The game is the fifth main entry in the Mario Kart series of video games, and the first to be playable via the Nintendo Wi-Fi Connection online service; the service has since been terminated, along with other games playable via the service. Like the other games in the series, Mario Kart DS features characters from the Mario series, and pits them against each other as they race in karts on tracks based on locations in the Mario series.

The game received critical acclaim, receiving an aggregated score of 91% from Metacritic. Praise focused on the game's graphics and gameplay, while criticism targeted its repetitive single-player mode, although its inclusion of Battle and Versus mode for single player were well received. Mario Kart DS received several awards, including Editors' Choice Awards from GameSpot and IGN, G-Phorias Best Handheld Game award, and IGN's Best Racing/Driving Game.

Mario Kart DS was the best-selling game in its first month of release, and also held that position the following month. Overall, Mario Kart DS is the third best-selling game for the Nintendo DS as of March 2016, and the third best-selling Mario Kart game, behind Mario Kart 8 Deluxe and Mario Kart Wii, with 23.6 million units sold worldwide.

Gameplay

Mario Kart DS is a racing game in which the player races in a kart against other racers as one of 12 characters from the Mario series. The player has access to Mario, Luigi, Peach, Toad, Yoshi, Donkey Kong, Wario, and Bowser by default, while Daisy, Dry Bones, Waluigi and R.O.B can be unlocked through gameplay. Only two karts are initially available for each character. An additional kart can be unlocked once some progress is made, and when all 150cc cups are completed with B rank or higher, each character will have access to all 36 karts.

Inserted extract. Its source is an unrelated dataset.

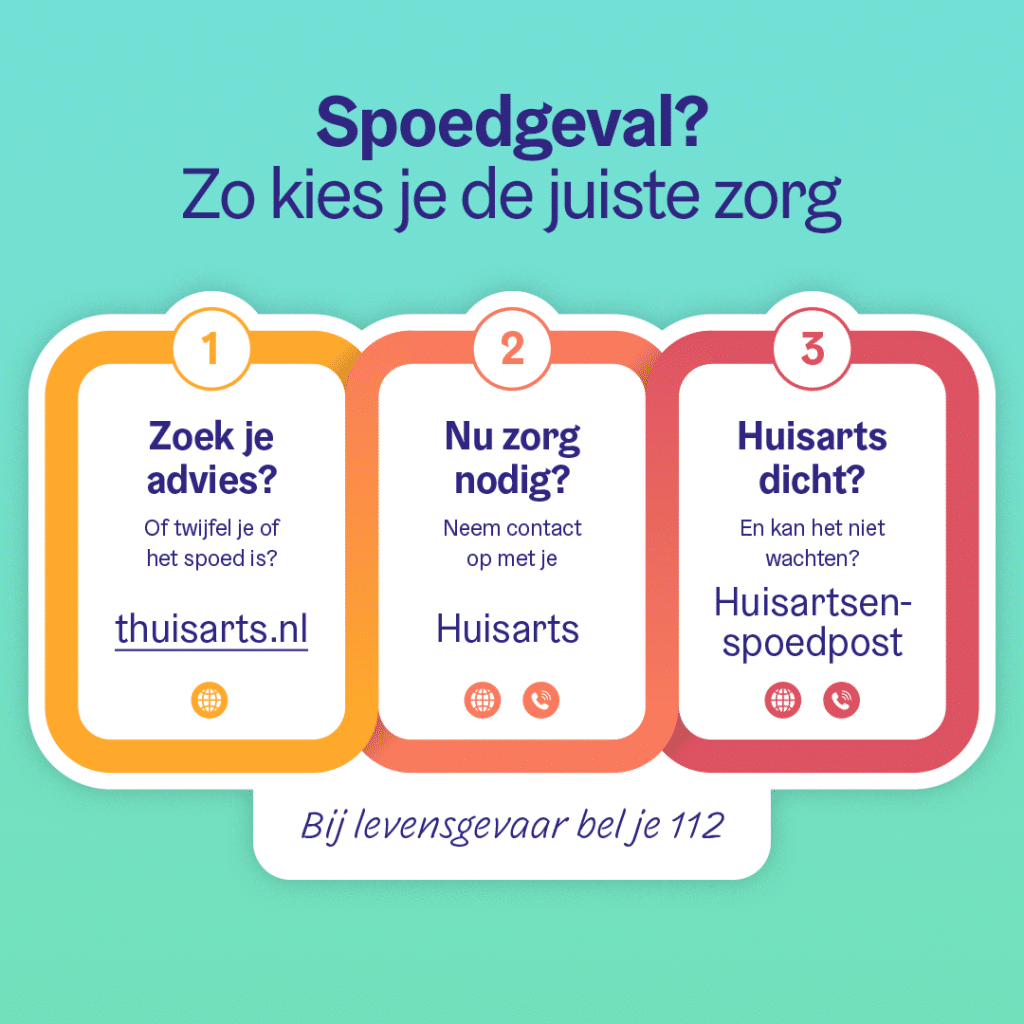 Na 17.00 uur en in de weekenden kunt u voor spoedgevallen en dringende medische vragen bellen met de

While racing or battling, the Nintendo DS's top screen offers a third-person perspective of the player's kart, while the bottom touchscreen shows the race's current standings, items carried by each racer, and a map of the course. The bottom screen can be toggled to show either an overview of the entire course, or a bird's-eye view of the player's kart and the immediate vicinity, including nearby racers, course hazards, item boxes, and incoming attacks.

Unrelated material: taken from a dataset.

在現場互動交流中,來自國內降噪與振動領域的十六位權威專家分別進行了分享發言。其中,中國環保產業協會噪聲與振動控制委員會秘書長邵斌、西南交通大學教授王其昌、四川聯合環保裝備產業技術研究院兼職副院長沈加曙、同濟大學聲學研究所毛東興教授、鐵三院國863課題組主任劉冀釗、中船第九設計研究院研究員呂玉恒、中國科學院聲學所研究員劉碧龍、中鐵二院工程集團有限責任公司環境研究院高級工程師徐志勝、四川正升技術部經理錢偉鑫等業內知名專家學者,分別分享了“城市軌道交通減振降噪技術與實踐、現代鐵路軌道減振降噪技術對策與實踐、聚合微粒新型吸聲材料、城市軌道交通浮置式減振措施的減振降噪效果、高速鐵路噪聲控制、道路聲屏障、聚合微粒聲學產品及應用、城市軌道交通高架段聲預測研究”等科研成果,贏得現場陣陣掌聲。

Each course features item boxes that the player can drive through to receive a randomly selected item, which the player can use to gain an advantage over other racers. Some items allow the player to attack other racers to slow them down, while other items can be used to speed up the player's own kart to pass other racers more easily.

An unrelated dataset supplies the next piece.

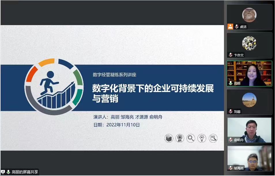 11月10日晚,公司创新管理部组织了第三场数字经管研究方向凝练交流活动。本次讲座围绕“数字经管研究方向凝练——数字化背景下的企业可持续发展与营销”的主题展开,由高丽、邹海亮、才源源、俞明舟老师主讲。经理吕康娟、副经理胡笑寒、教师王甄、陈军等及近百位研究生参加线上讲座,副经理卞亦文担任主持。 高丽老师首先回顾了改革开放以来数字化经济的发展进程,阐释了数字经济的定义以及人工智能发展的三个阶段。她结合数字经济带的很多业务模式、场景和体验的创新,探讨数字时代需要的人才特质,并解析了数字化背景下管理人才应该具备的能力。邹海亮老师以“数字化背景下企业的可持续发展“为主题,结合可持续发展的理念,探讨了数字化与可持续发展间的联系。并进一步分析了企业数字化转型的内涵以及转型对战略和赋能机制的影响。才源源老师就“数字化背景下可持续消费行为”的主题,结合“双碳背景”和“数字化赋能”的背景,探讨了数字化赋能低碳生活,介绍了消费者和品牌绿色价值共创的过程。俞明舟老师结合实际的工作和科研经历,分析了数字营销的原理和特征,并举例说明生活中的数字化营销方式。四位老师的讲座内容环环相扣,紧密结合“数字经济”、“可持续发展”、“数字营销”等时下热点概念,令同学们受益匪浅。 最后,高丽教授在总结中表示中国工业革命的四十年成果卓著,但我们仍面临加速推进基础产业信息化、淘汰落后产能、提升企业管理经营理念等重大考验,还须在“数字化转型“的领域继续深耕,并致力于培养相关领域的人才。本次研讨会给大家带来了学术上的碰撞、启发和崭新的思维视角,也将进一步促进公司数字化相关领域的学科凝练。 |

There are two new items: the Bullet Bill, which transforms the player into a Bullet Bill that autopilots the track; and the Blooper, which squirts ink on all racers ahead of the user, blocking their vision.

Unlike the other versions of Mario Kart, Mario Kart DS allows players to avoid the Spiny Shell (Blue Shell) without any aid from items. This can be done by releasing the mini-turbo right before the Spiny Shell hits the player. This requires precise timing, and it is one of the most difficult skills to acquire in the game. Furthermore, this trick is mainly only possible in 150cc or Mirror Mode. However, it is also possible in 100cc, but only on tracks such as N64 Frappe Snowland, where the terrain is more slippery.

Game modes
The game features five single-player game modes: Grand Prix, Time Trial, Versus, Battle, and Mission. The Grand Prix and Versus modes require that the player choose an engine class from among 50 cc, 100 cc, and 150 cc.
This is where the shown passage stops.